Consider the humble traffic light. The basic design dates to the 1890s, the signals it displays can be explained to a toddler, they’re everywhere and no one thinks anything of them, but if they malfunction an entire city could be paralyzed. Also, for longer than you might realize, they have not been controlled by simple, independent timing circuits;
coordinated light patterns, intended to ensure that traffic flows smoothly along the entire length of a boulevard, date to the 1940s. Nowadays each light’s control box tends to have a computer inside, and they talk to each other on radio links, because running wires between all the intersections is expensive.
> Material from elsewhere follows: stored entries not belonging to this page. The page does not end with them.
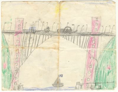 Geof Huth, "Ponte D. Luis, Porto, Portugal" (ca 1967, artist aged ca 7)For the past few weeks, I have existed on tumblr, the microblogging platform, where I have been publishing pwoermds, photographs, short audio poems, and occasional videos. All I really did was revive my old but short-lived tumblr blog, m+i+n+i+m, leaving it focused on minimalist poetry.
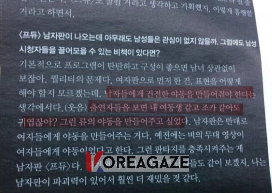 اون در ادامه توضیح داد که سری برنامههای “PRODUCE 101” رو با اعضای گروه دخترانه شروع کرده چون میخواسته “پورن سالم برای مردها” بسازه.
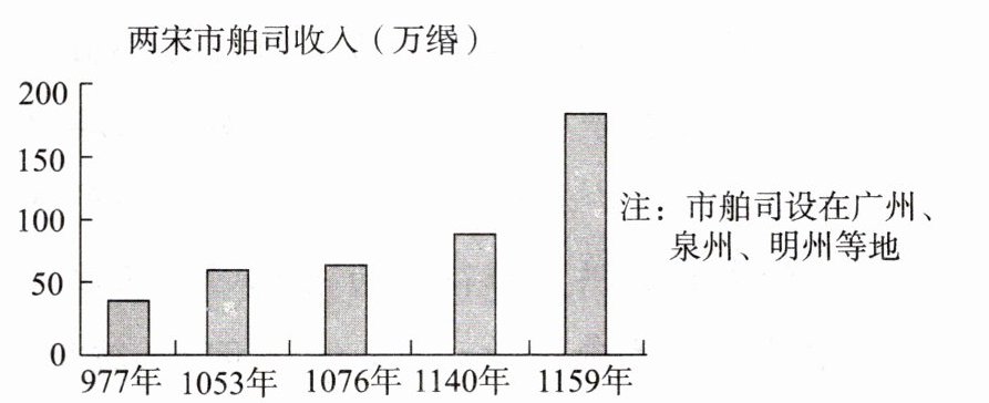 材料三 根据考古发掘,东起日本,南到印度尼西亚,西到东非,甚至在非洲内陆的津巴布韦都有宋代瓷器的迹象。据记载,与宋代进行通商的国家和地区有50个,其中宋代海船直接到达的有20多个。……北宋初年,广州的市舶收入只是占了国家财政收入的2%,到了南宋初年这个比例更高些。
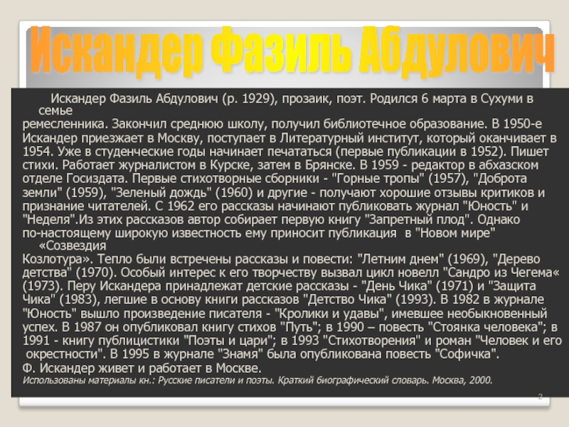 (1973). Перу Искандера принадлежат детские рассказы - "День Чика" (1971) и "Защита
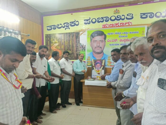 ನಗರದ ತಾ.ಪಂ. ಸಭಾಂಗಣದಲ್ಲಿ ಇತ್ತೀಚಿಗೆ ಆಕಸ್ಮಿಕ ಅಪಘಾತದಲ್ಲಿ ಮೃತರಾದ ಎಸ್.ಎಂ.ಚಂದ್ರಶೇಖರ್ ಅವರ ಶ್ರದ್ಧಾಂಜಲಿ ಕಾರ್ಯಕ್ರಮದಲ್ಲಿ ಮಾತನಾಡಿದ ಅವರು, ಮೃತ ಚಂದ್ರು ಅವರು ಹಾಲಿ ಗ್ರಾಮ ಪಂ ಸದಸ್ಯರು ಮಾಜಿ ಅಧ್ಯಕ್ಷರಾಗಿ, ಒಬ್ಬ ಸ್ನೇಜೀವಿಯಾಗಿದ್ದರು. ಅಂತವರು ನಮ್ಮನ್ನ ಅಗಲಿರುವುದು ಮನಸ್ಸಿಗೆ ನೋವು ತಂದಿದೆ ಎಂದರು.
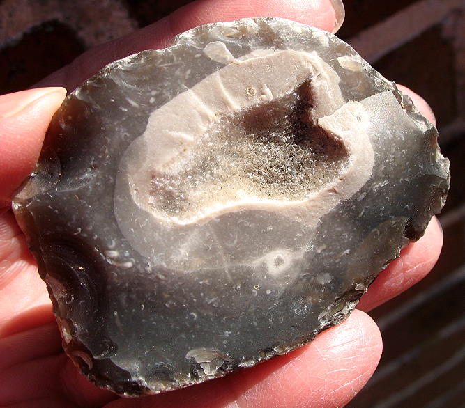 Die obige Detail-Aufnahme ist von diesem großen Flint mit Quarz
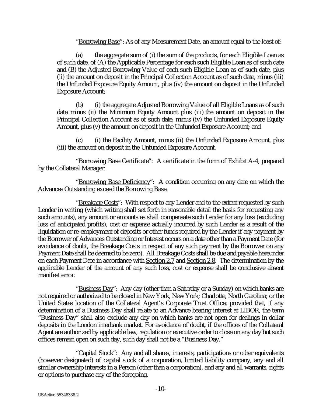 “Borrowing Base”: As of any Measurement Date, an amount equal to the least of: (a) the aggregate sum of (i) the sum of the products, for each Eligible Loan as of such date, of (A) the Applicable Percentage for each such Eligible Loan as of such date and (B) the Adjusted Borrowing Value of each such Eligible Loan as of such date, plus (ii) the amount on deposit in the Principal Collection Account as of such date, minus (iii) the Unfunded Exposure Equity Amount, plus (iv) the amount on deposit in the Unfunded Exposure Account; (b) (i) the aggregate Adjusted Borrowing Value of all Eligible Loans as of such date minus (ii) the Minimum Equity Amount plus (iii) the amount on deposit in the Principal Collection Account as of such date, minus (iv) the Unfunded Exposure Equity Amount, plus (v) the amount on deposit in the Unfunded Exposure Account; and (c) (i) the Facility Amount, minus (ii) the Unfunded Exposure Amount, plus (iii) the amount on deposit in the Unfunded Exposure Account. “Borrowing Base Certificate”: A certificate in the form of Exhibit A-4, prepared by the Collateral Manager. “Borrowing Base Deficiency”: A condition occurring on any date on which the Advances Outstanding exceed the Borrowing Base. “Breakage Costs”: With respect to any Lender and to the extent requested by such Lender in writing (which writing shall set forth in reasonable detail the basis for requesting any such amounts), any amount or amounts as shall compensate such Lender for any loss (excluding loss of anticipated profits), cost or expense actually incurred by such Lender as a result of the liquidation or re-employment of deposits or other funds required by the Lender if any payment by the Borrower of Advances Outstanding or Interest occurs on a date other than a Payment Date (for avoidance of doubt, the Breakage Costs in respect of any such payment by the Borrower on any Payment Date shall be deemed to be zero). All Breakage Costs shall be due and payable hereunder on each Payment Date in accordance with Section 2.7 and Section 2.8. The determination by the applicable Lender of the amount of any such loss, cost or expense shall be conclusive absent manifest error. “Business Day”: Any day (other than a Saturday or a Sunday) on which banks are not required or authorized to be closed in New York, New York; Charlotte, North Carolina; or the United States location of the Collateral Agent’s Corporate Trust Office; provided that, if any determination of a Business Day shall relate to an Advance bearing interest at LIBOR, the term “Business Day” shall also exclude any day on which banks are not open for dealings in dollar deposits in the London interbank market. For avoidance of doubt, if the offices of the Collateral Agent are authorized by applicable law, regulation or executive order to close on any day but such offices remain open on such day, such day shall not be a “Business Day.” “Capital Stock”: Any and all shares, interests, participations or other equivalents (however designated) of capital stock of a corporation, limited liability company, any and all similar ownership interests in a Person (other than a corporation), and any and all warrants, rights or options to purchase any of the foregoing. -10- USActive 55348338.2
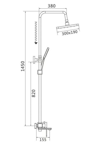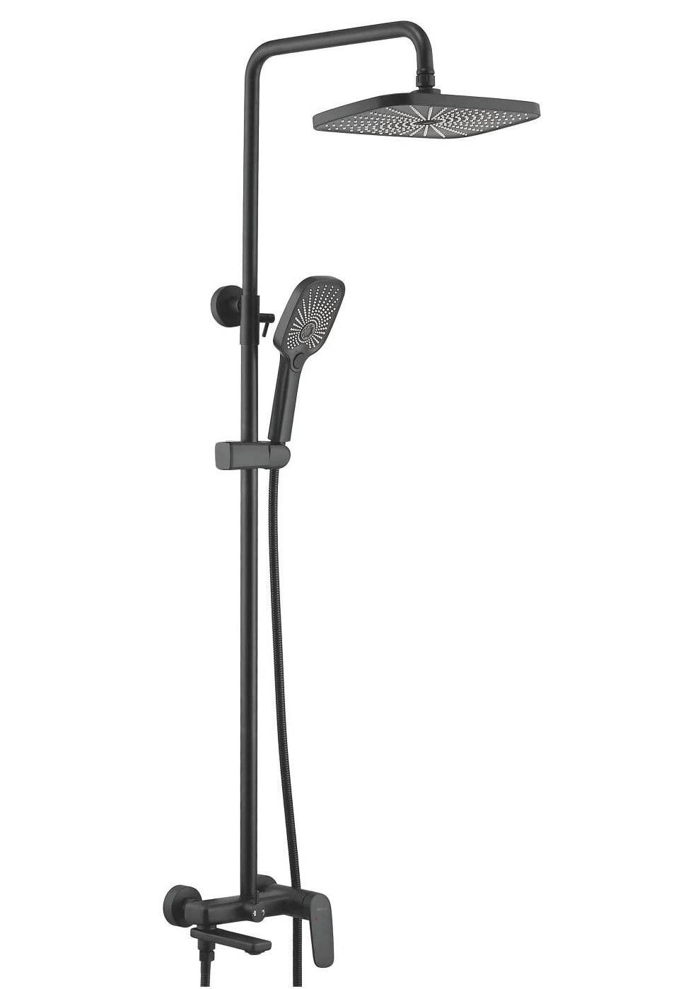 Душевая система Shevanik S8536H, черный.Количество режимов струи: 3.Размер верхнего душа: 30x19 см.Управление: рычажное.Излив для наполнения ванны: да.
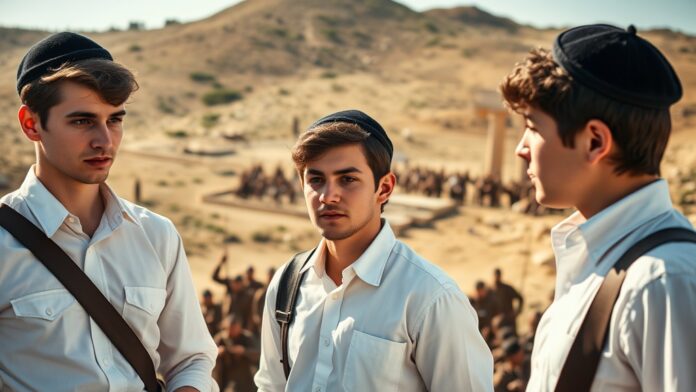 NARRATOR: And so, three bochurim from Lakewood returned from their journey through time with more than just an incredible story. They returned with the three lessons that the Chashmonaim bequeathed to all future generations: We are the Am Hashem, bound by an eternal covenant. Torah is our life, worth every sacrifice. No matter how far we’ve strayed, we can always, always come home.

Today’s paper is from WOOT 2014 and is a case study of the security of such networks of traffic lights. If you have any experience with embedded device security you can probably guess how it turned out: The radio links are in the clear. The protocols are proprietary, but easy to reverse-engineer (or acquire software for). The computers run an outdated proprietary embedded OS and there’s no mechanism for ensuring it gets patched when necessary. Operating-system-level debugging interfaces with complete control over the device may have been left active and exposed to the network. Management software fails to work correctly if passwords are changed from the vendor’s default. And once you’re connected, you can completely reconfigure the traffic lights—which is by design, so adjustments don’t require sending a maintenance crew to every intersection.
The saving grace is the
malfunction management unit. This is a separate circuit board, built with discrete logic and configured with physical jumpers, which prevents the light at any single intersection from displaying an unsafe combination of signals (e.g. green in all directions). If the computer tries to put the lights in a state that isn’t on the MMU’s whitelist, or change them too rapidly, it will be overridden and the lights will enter a failsafe mode (such as blinking red in all directions) until someone physically resets the control box. This safety mechanism limits the damage an attacker can do, but it’s still perfectly possible to bring all traffic to a halt, malcoordinate the lights to hinder rather than help traffic flow (which might go completely unnoticed) or just give yourself green lights all the time at everyone else’s expense.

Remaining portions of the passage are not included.